» **Task objective**
Exactly retype the lines below from the one containing "The site is" through the end of the listing. Leave pictures out.

» **Data**
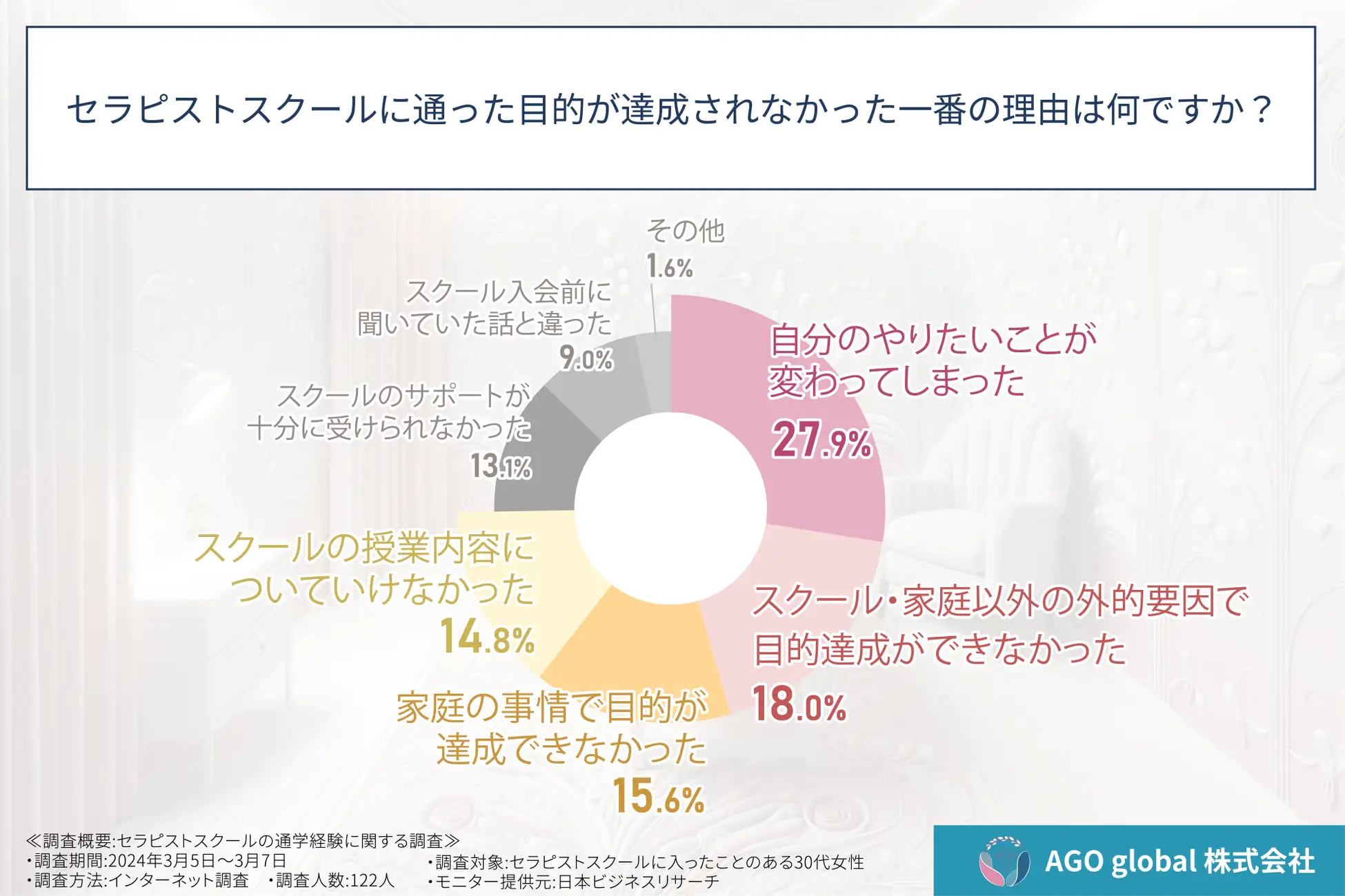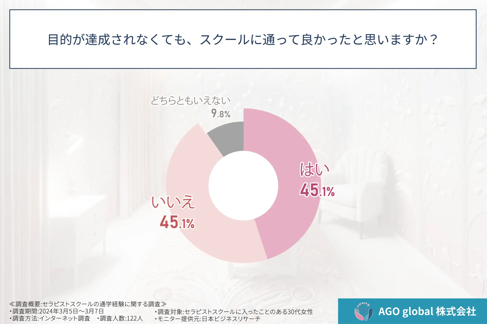 今回の調査により、セラピストスクールに通学経験のある女性の約6割が目的を達成していることが明らかになりました。
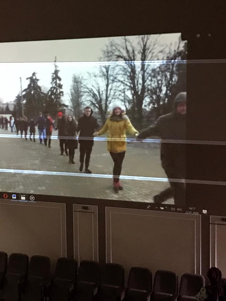 С удовольствием все присутствующие пересмотрели видеоролик, в котором каждый ученик узнал себя. А напоследок старшеклассники приняли участие в флешмобе, составив из вышитых украинских рушников такое важное в наше непростое время слово - "ЕДНІСТЬ".
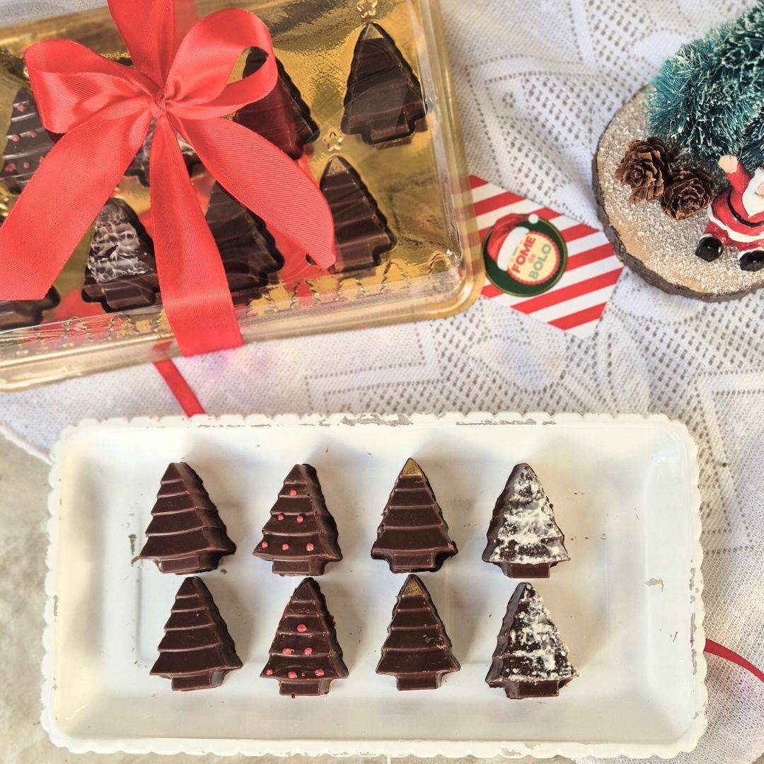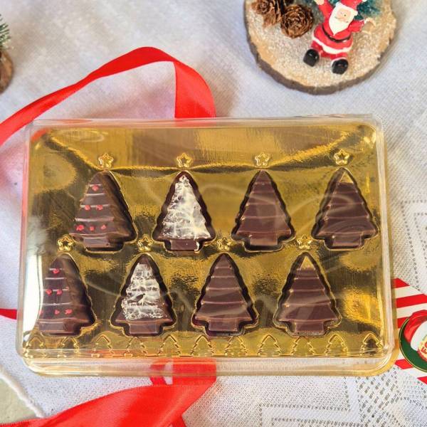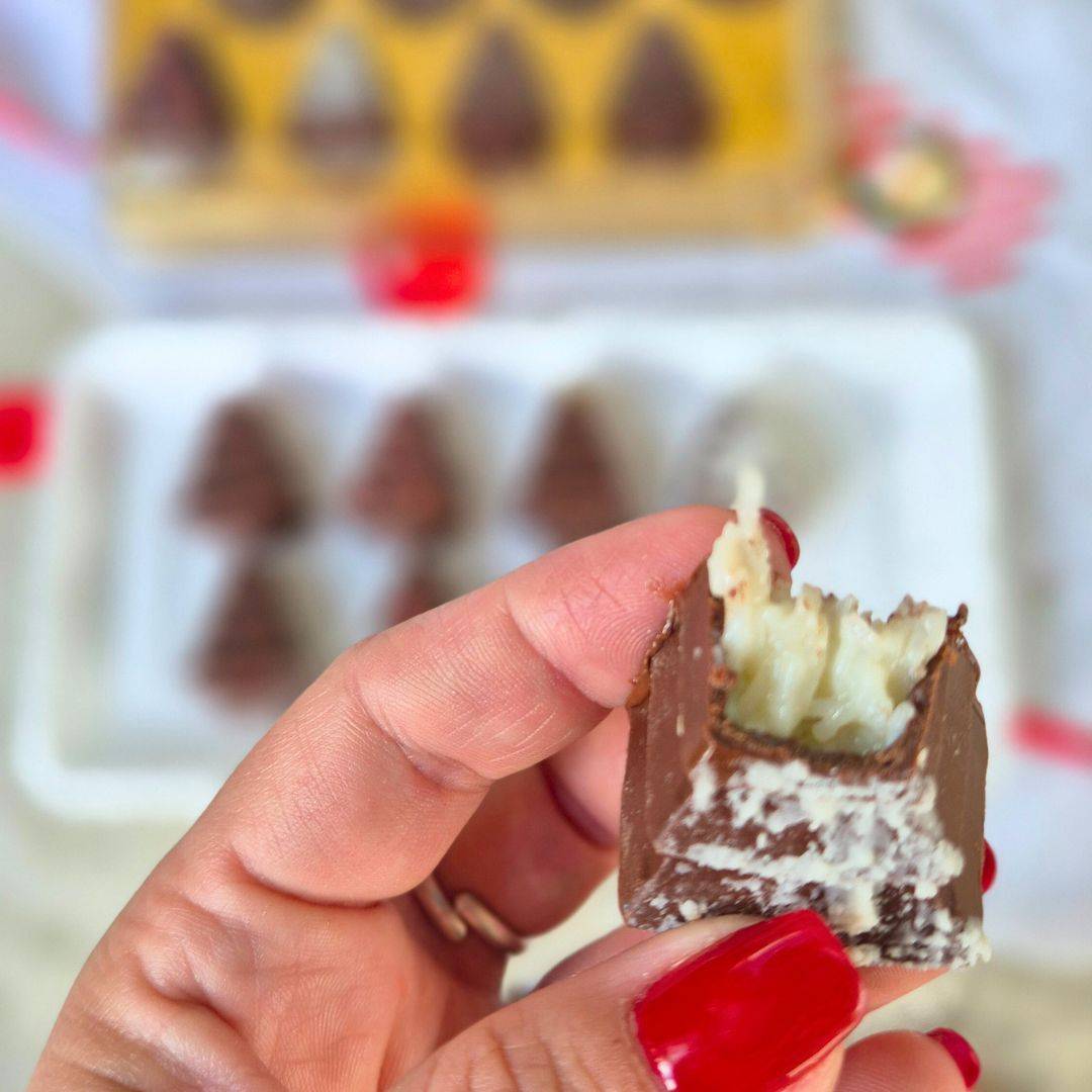 8 Bombons de chocolate nobre com recheios de, caramelo, brigadeiro, coco e nozes.
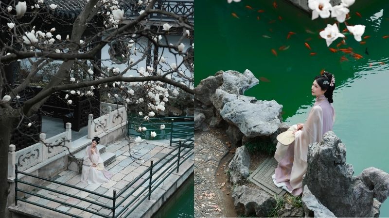 Khi tham quan vườn cổ có thể mặc các trang phục truyền thống hoặc đồ mang phong cách cổ phong sẽ đẹp hơn
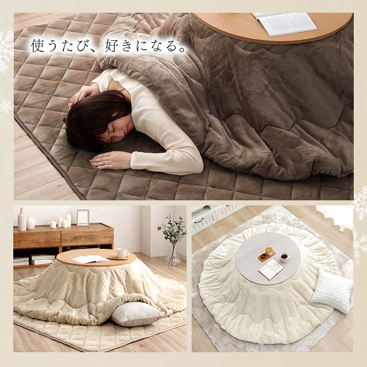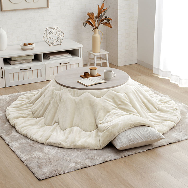 掛布団:約185cm円形 (キルティング加工許容範囲 +5% −3%) こたつ台:70cm円形
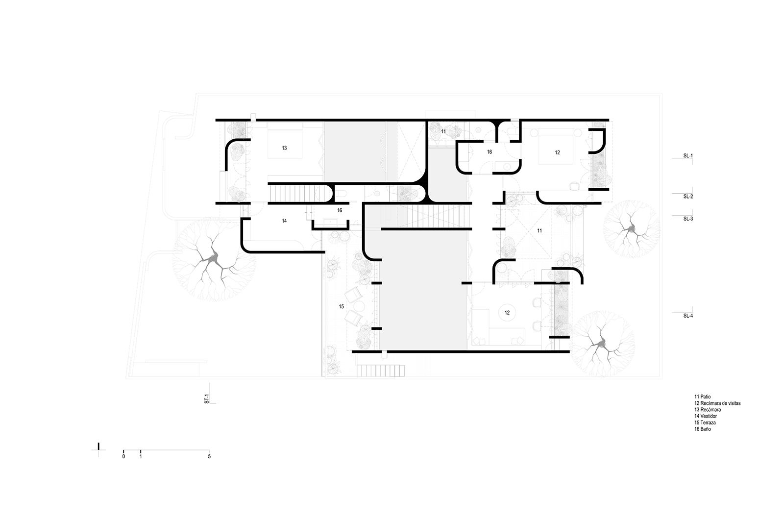 The site is bordered on three sides by adjacent residences, while its western edge opens toward a main street overlooking an undeveloped natural area. This condition informed an architectural strategy that balances enclosure and permeability: blind façades to the north and south protect privacy, while porous east and west façades dissolve the boundary between interior and exterior through terraces, balconies, patios, and vegetation.
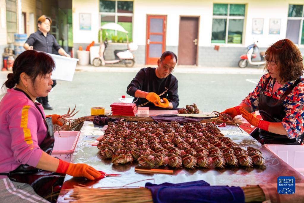 10月14日,在湖南省益陽市河壩鎮沙堡洲村,蟹農在捆綁大閘蟹。
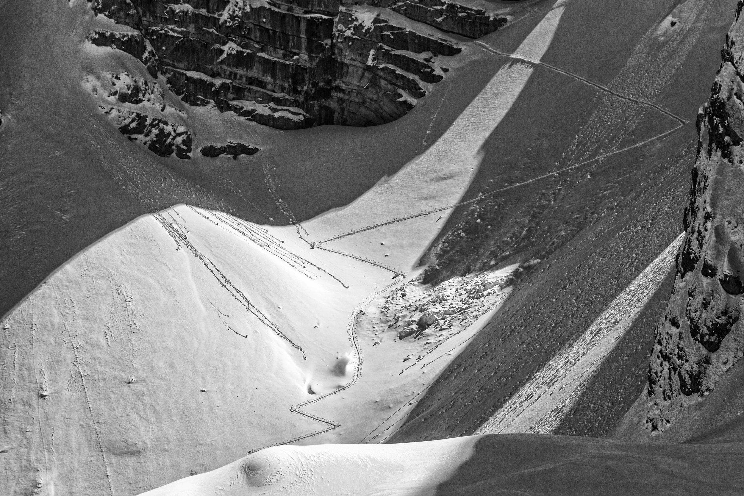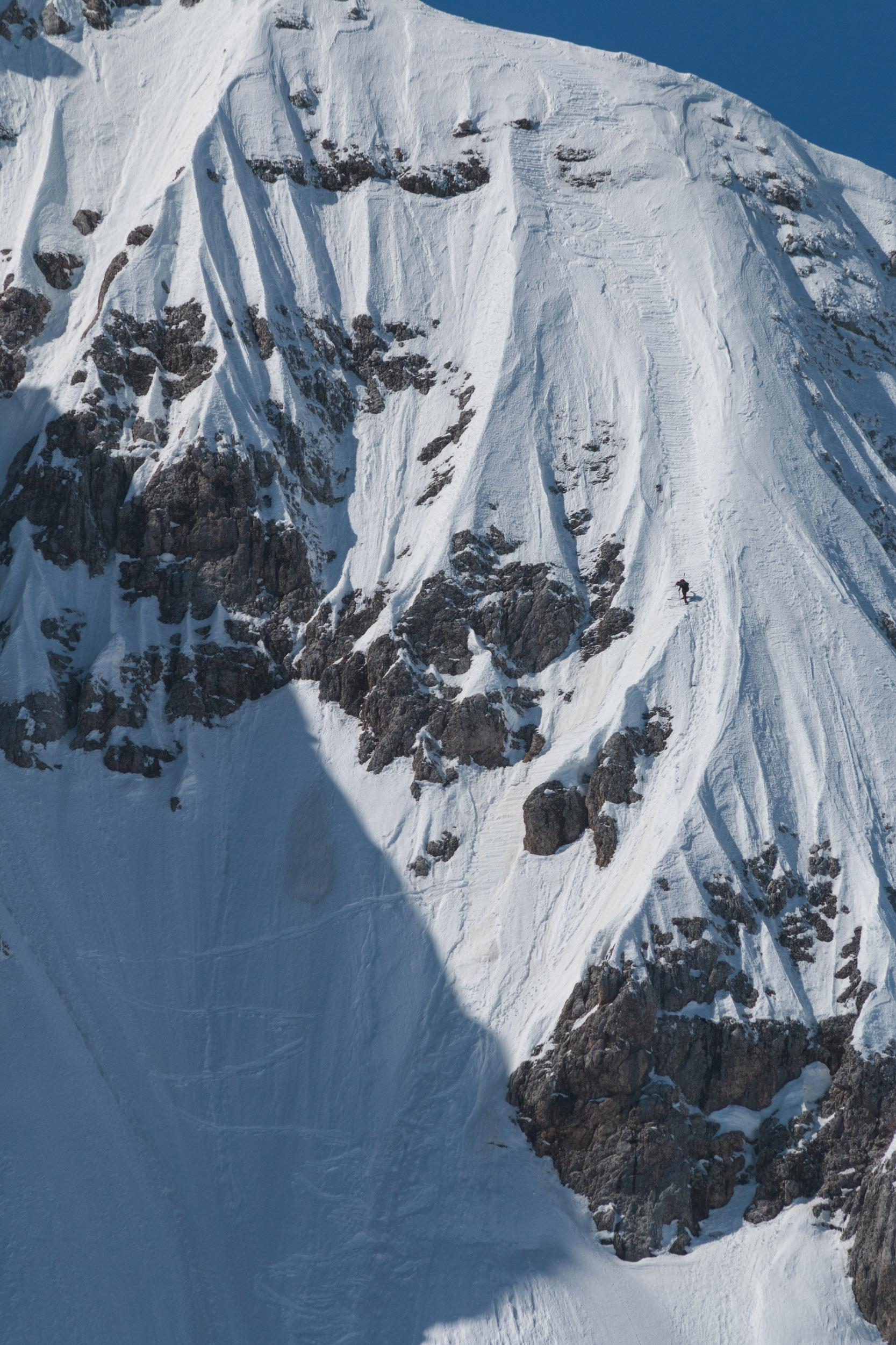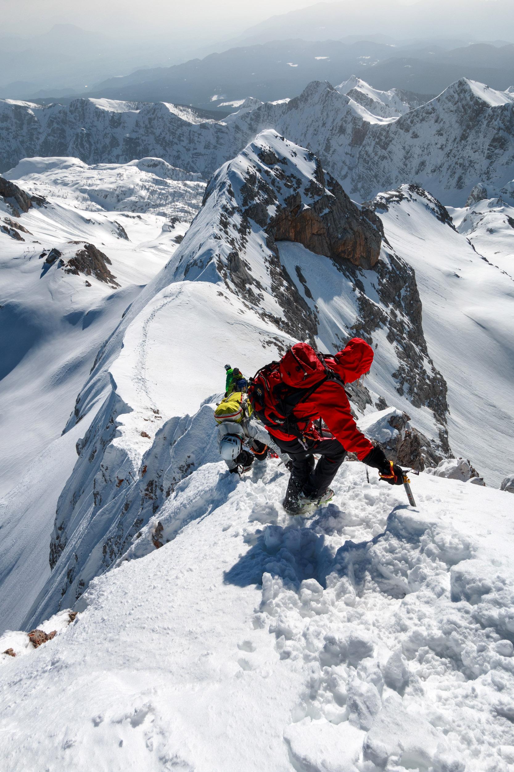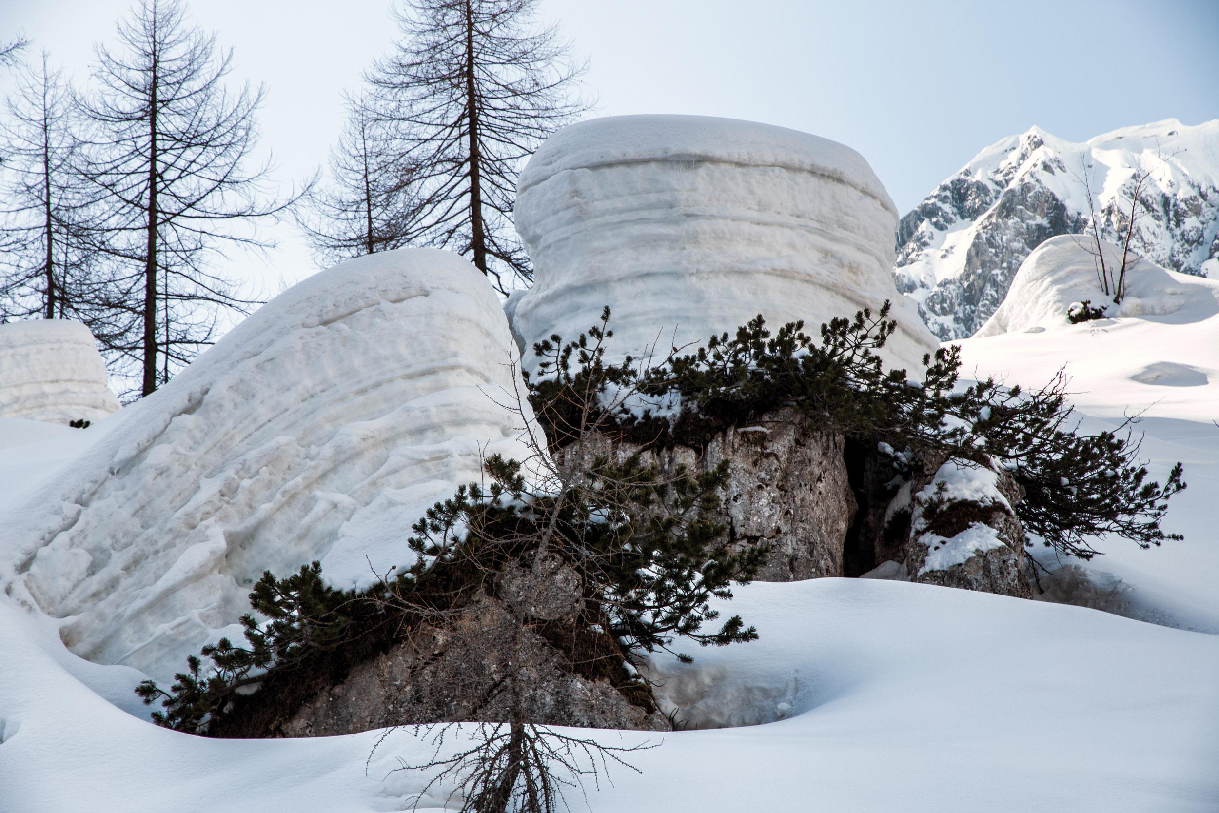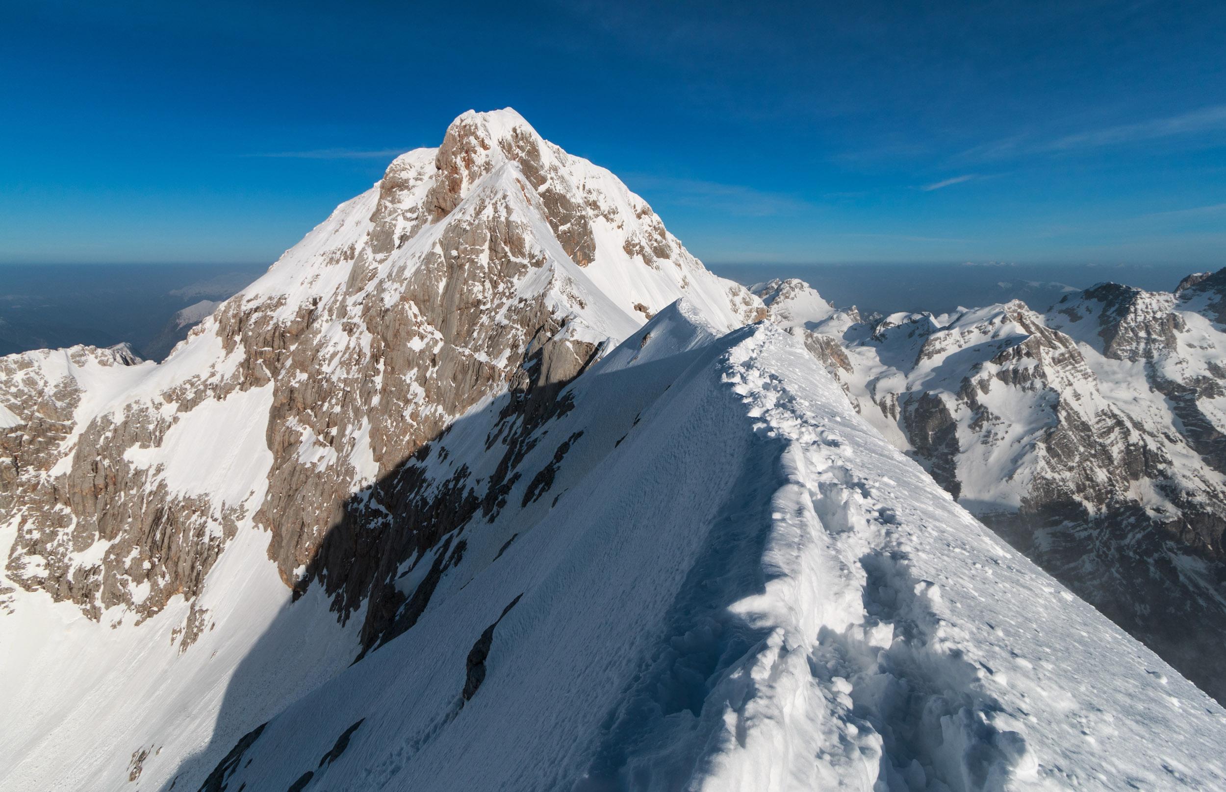 Etwas unheimlich der Aufstieg durch das schluchtartige Krma-Tal. Sonnseitig donnern die Lawinen über die Felsen, schattseitig hängen dicke Wechten in den Wänden. Und die Spur verläuft fast pausenlos über Lawinenkegel. Danach weitet sich das Gelände und man hat wunderbare Blicke in die wilden Julischen Alpen.

» **Solved problem**
 The site is bordered on three sides by adjacent residences, while its western edge opens toward a main street overlooking an undeveloped natural area. This condition informed an architectural strategy that balances enclosure and permeability: blind façades to the north and south protect privacy, while porous east and west façades dissolve the boundary between interior and exterior through terraces, balconies, patios, and vegetation.
 10月14日,在湖南省益陽市河壩鎮沙堡洲村,蟹農在捆綁大閘蟹。
 Etwas unheimlich der Aufstieg durch das schluchtartige Krma-Tal. Sonnseitig donnern die Lawinen über die Felsen, schattseitig hängen dicke Wechten in den Wänden. Und die Spur verläuft fast pausenlos über Lawinenkegel. Danach weitet sich das Gelände und man hat wunderbare Blicke in die wilden Julischen Alpen.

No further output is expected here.